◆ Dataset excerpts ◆

++++++

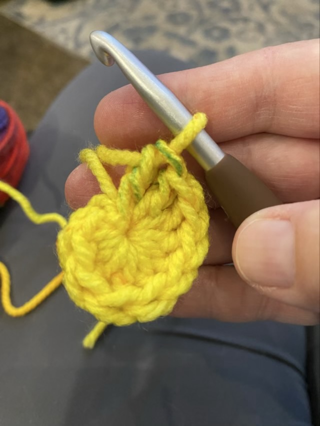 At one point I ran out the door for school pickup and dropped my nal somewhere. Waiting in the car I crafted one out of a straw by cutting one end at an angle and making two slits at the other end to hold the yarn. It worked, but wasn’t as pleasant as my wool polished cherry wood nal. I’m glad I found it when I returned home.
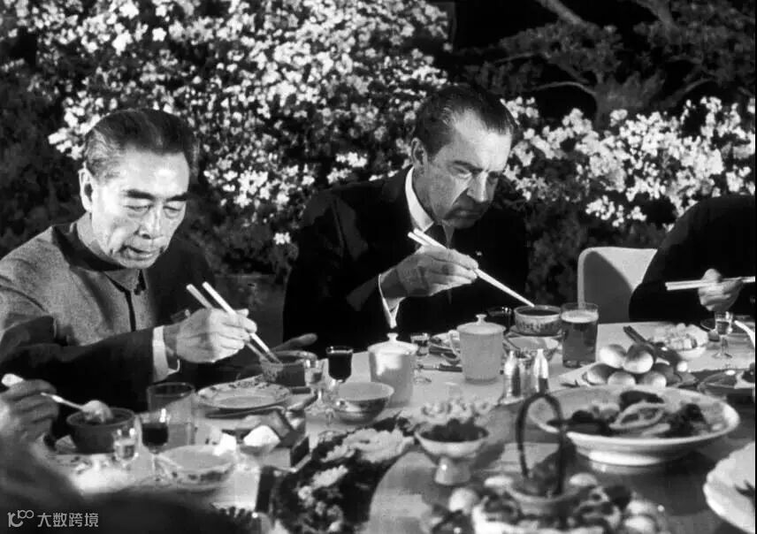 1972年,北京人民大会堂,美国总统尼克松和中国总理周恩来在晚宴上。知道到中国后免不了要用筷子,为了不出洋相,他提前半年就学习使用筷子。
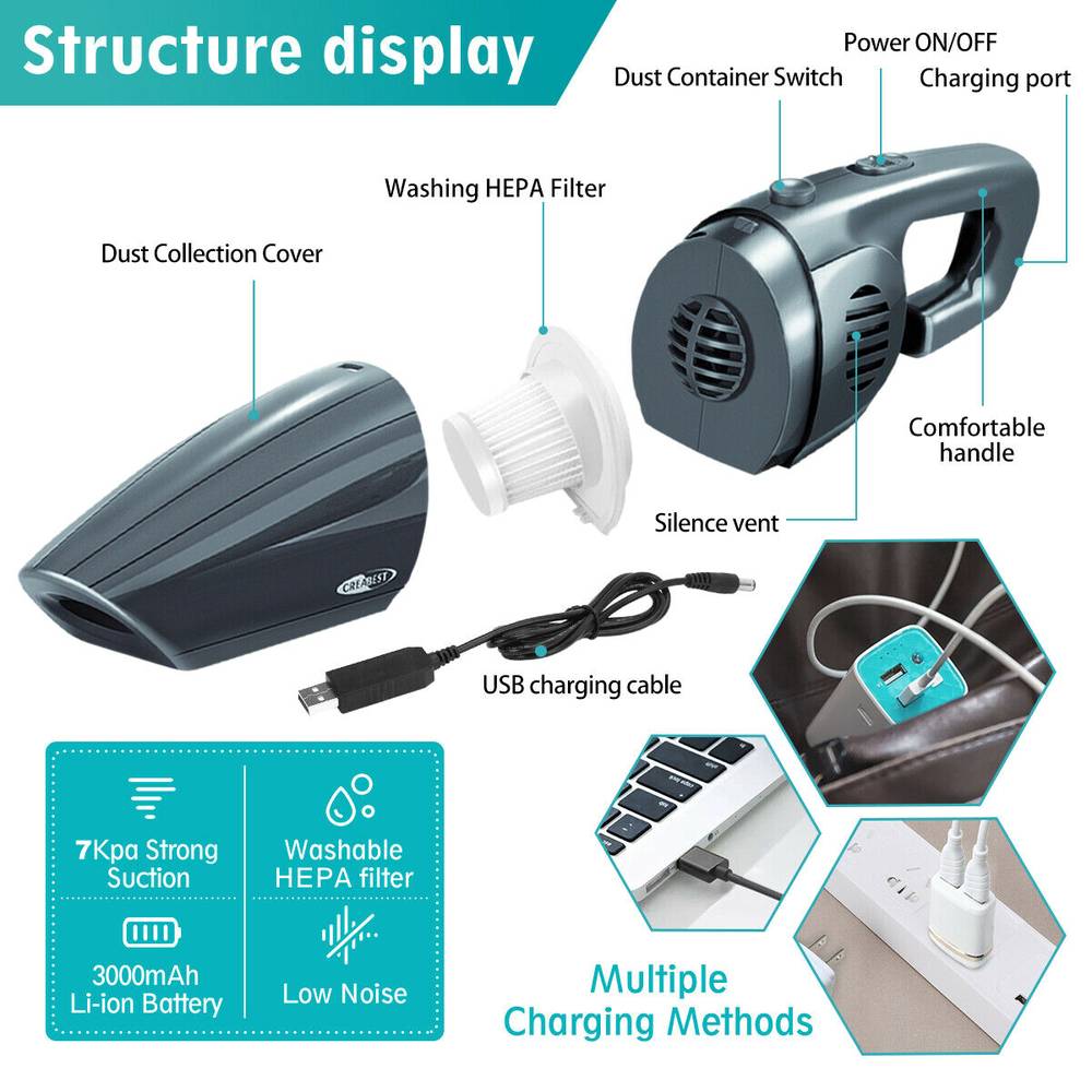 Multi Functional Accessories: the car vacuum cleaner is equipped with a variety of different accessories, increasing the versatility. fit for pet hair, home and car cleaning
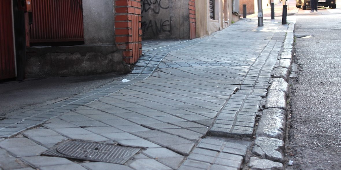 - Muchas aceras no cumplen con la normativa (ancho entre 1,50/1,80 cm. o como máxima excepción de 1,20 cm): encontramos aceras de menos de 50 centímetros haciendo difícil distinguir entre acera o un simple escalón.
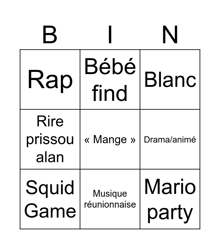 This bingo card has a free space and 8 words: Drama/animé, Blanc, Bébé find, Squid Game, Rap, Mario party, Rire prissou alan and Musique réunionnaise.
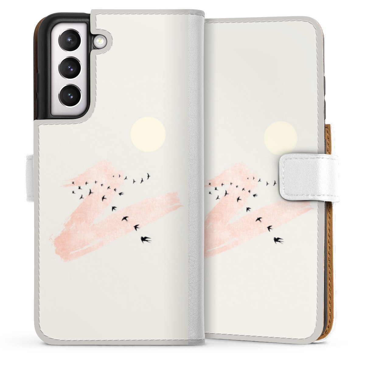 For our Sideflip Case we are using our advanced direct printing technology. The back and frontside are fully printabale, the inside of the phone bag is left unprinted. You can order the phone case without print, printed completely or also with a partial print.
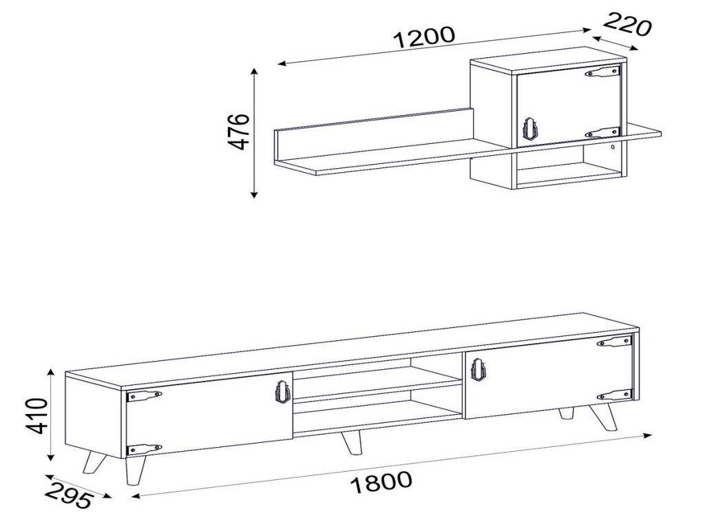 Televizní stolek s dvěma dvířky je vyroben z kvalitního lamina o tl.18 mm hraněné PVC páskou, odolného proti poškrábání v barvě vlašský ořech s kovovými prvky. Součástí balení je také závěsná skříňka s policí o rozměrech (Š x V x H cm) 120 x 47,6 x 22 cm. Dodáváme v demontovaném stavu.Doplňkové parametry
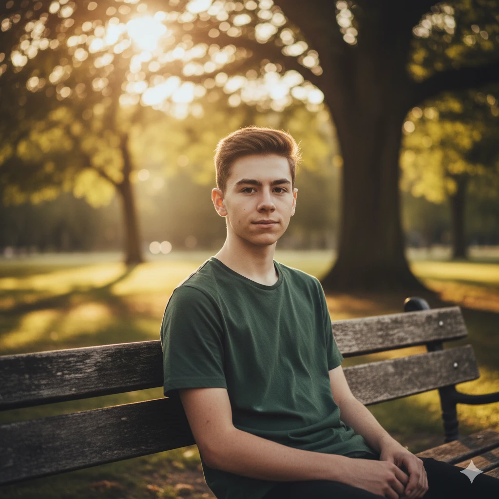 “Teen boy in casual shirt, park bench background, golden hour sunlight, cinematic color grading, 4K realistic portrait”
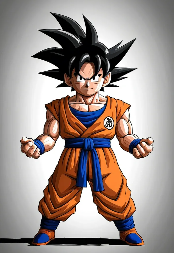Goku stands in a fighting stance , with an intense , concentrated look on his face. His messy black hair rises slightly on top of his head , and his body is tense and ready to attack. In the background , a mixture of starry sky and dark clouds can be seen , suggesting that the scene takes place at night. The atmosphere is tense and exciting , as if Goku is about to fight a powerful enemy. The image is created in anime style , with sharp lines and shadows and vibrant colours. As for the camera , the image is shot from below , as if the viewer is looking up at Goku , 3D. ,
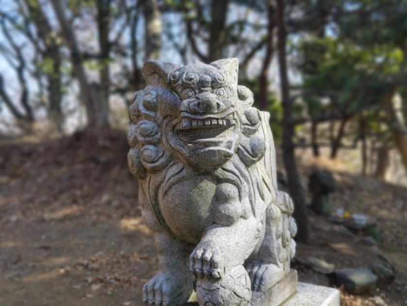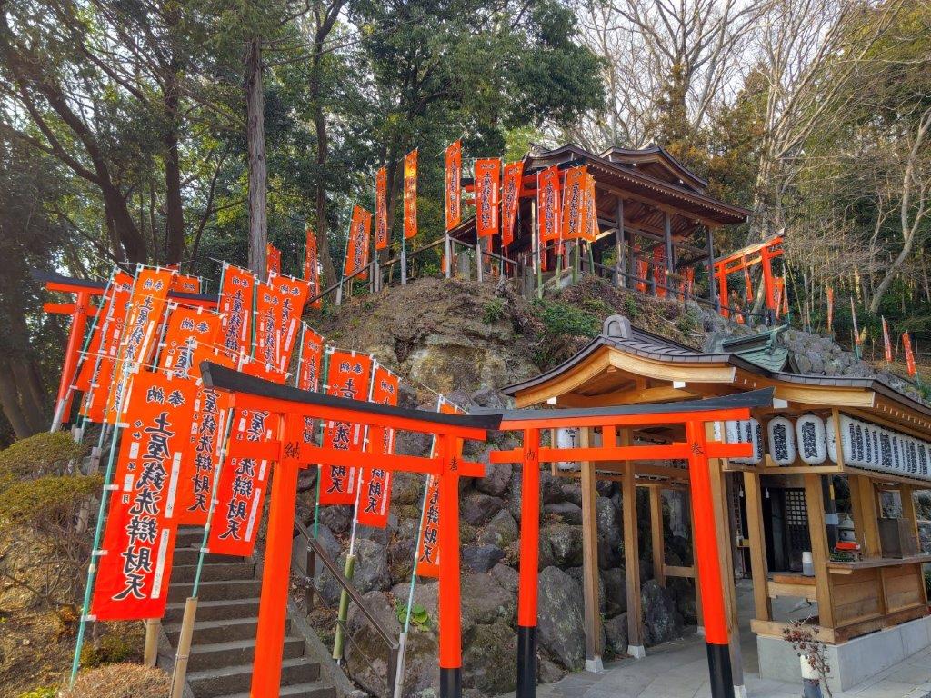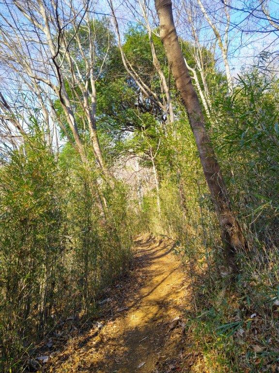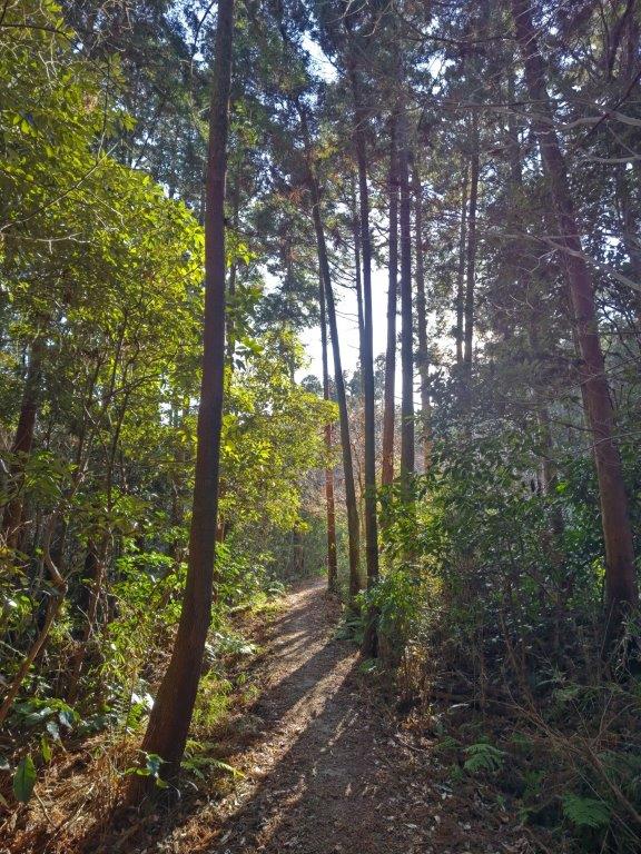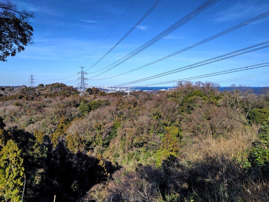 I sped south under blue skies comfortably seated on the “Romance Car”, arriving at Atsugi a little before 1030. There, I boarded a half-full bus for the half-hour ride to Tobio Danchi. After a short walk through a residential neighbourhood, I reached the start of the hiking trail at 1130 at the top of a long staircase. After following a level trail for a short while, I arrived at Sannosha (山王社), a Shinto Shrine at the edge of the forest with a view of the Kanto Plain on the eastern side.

++++++

◆ TASK GOAL ◆
Write out exactly the lines above between the one with "- Muchas aceras" and the one with "Goku stands in", inclusive, with pictures left out.

◆ RESULT FOR THIS TASK ◆
 - Muchas aceras no cumplen con la normativa (ancho entre 1,50/1,80 cm. o como máxima excepción de 1,20 cm): encontramos aceras de menos de 50 centímetros haciendo difícil distinguir entre acera o un simple escalón.
 This bingo card has a free space and 8 words: Drama/animé, Blanc, Bébé find, Squid Game, Rap, Mario party, Rire prissou alan and Musique réunionnaise.
 For our Sideflip Case we are using our advanced direct printing technology. The back and frontside are fully printabale, the inside of the phone bag is left unprinted. You can order the phone case without print, printed completely or also with a partial print.
 Televizní stolek s dvěma dvířky je vyroben z kvalitního lamina o tl.18 mm hraněné PVC páskou, odolného proti poškrábání v barvě vlašský ořech s kovovými prvky. Součástí balení je také závěsná skříňka s policí o rozměrech (Š x V x H cm) 120 x 47,6 x 22 cm. Dodáváme v demontovaném stavu.Doplňkové parametry
 “Teen boy in casual shirt, park bench background, golden hour sunlight, cinematic color grading, 4K realistic portrait”
Goku stands in a fighting stance , with an intense , concentrated look on his face. His messy black hair rises slightly on top of his head , and his body is tense and ready to attack. In the background , a mixture of starry sky and dark clouds can be seen , suggesting that the scene takes place at night. The atmosphere is tense and exciting , as if Goku is about to fight a powerful enemy. The image is created in anime style , with sharp lines and shadows and vibrant colours. As for the camera , the image is shot from below , as if the viewer is looking up at Goku , 3D. ,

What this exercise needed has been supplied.